** Opening Data extract block **

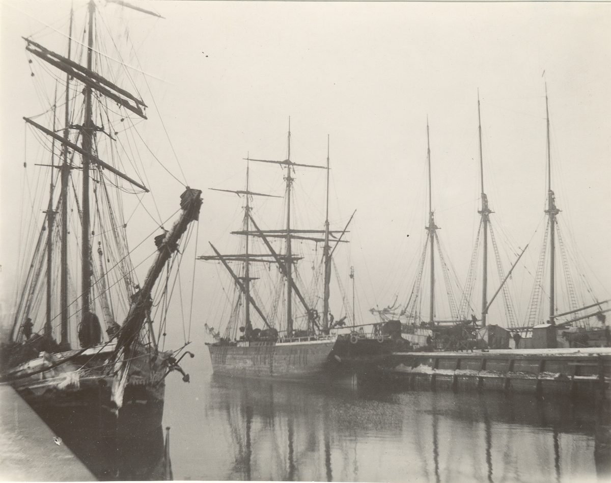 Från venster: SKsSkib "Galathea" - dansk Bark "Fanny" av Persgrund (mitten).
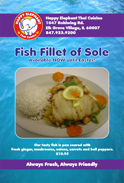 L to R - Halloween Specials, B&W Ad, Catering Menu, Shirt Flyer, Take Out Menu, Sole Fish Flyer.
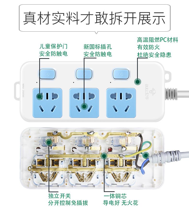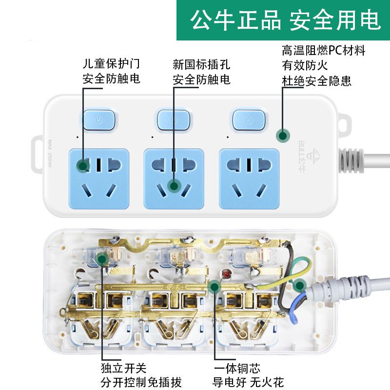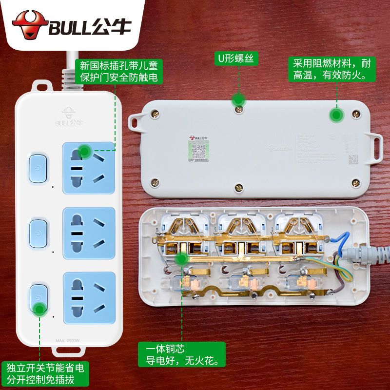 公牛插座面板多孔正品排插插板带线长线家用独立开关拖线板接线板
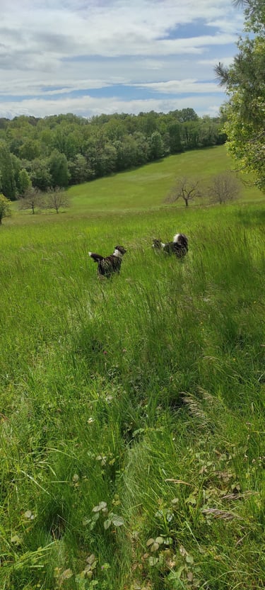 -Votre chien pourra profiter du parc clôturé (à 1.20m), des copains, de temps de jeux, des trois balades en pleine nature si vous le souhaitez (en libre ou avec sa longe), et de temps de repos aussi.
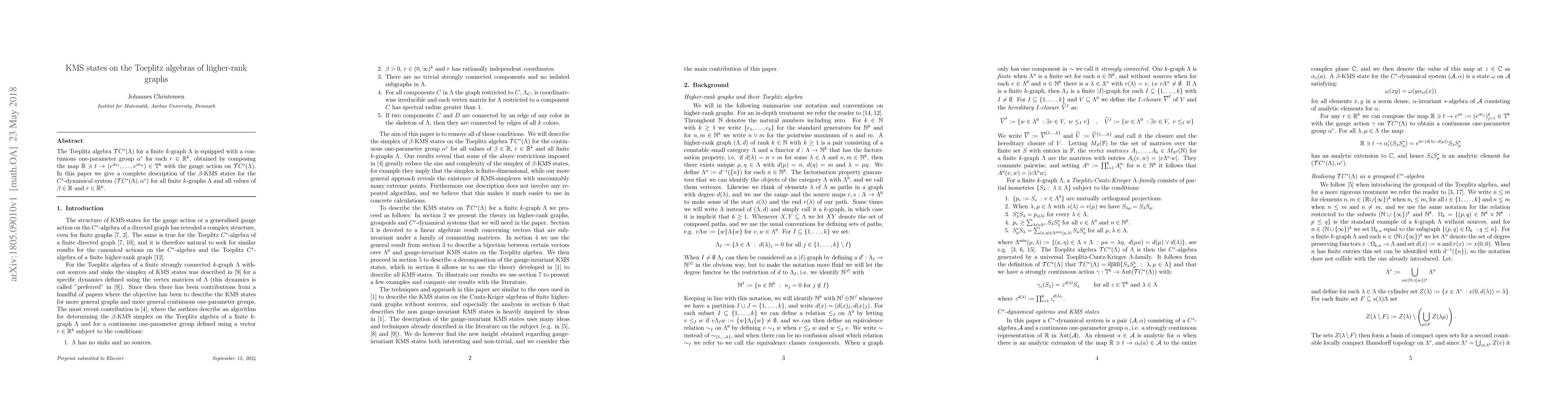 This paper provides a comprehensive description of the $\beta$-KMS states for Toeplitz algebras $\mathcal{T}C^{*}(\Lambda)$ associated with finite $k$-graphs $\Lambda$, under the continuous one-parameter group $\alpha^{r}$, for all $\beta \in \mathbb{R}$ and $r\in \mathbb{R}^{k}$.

** Closing Data extract block **

The task =
Transcribe the data verbatim. No picture belongs in the result.

Result =
 Från venster: SKsSkib "Galathea" - dansk Bark "Fanny" av Persgrund (mitten).
 L to R - Halloween Specials, B&W Ad, Catering Menu, Shirt Flyer, Take Out Menu, Sole Fish Flyer.
 公牛插座面板多孔正品排插插板带线长线家用独立开关拖线板接线板
 -Votre chien pourra profiter du parc clôturé (à 1.20m), des copains, de temps de jeux, des trois balades en pleine nature si vous le souhaitez (en libre ou avec sa longe), et de temps de repos aussi.
 This paper provides a comprehensive description of the $\beta$-KMS states for Toeplitz algebras $\mathcal{T}C^{*}(\Lambda)$ associated with finite $k$-graphs $\Lambda$, under the continuous one-parameter group $\alpha^{r}$, for all $\beta \in \mathbb{R}$ and $r\in \mathbb{R}^{k}$.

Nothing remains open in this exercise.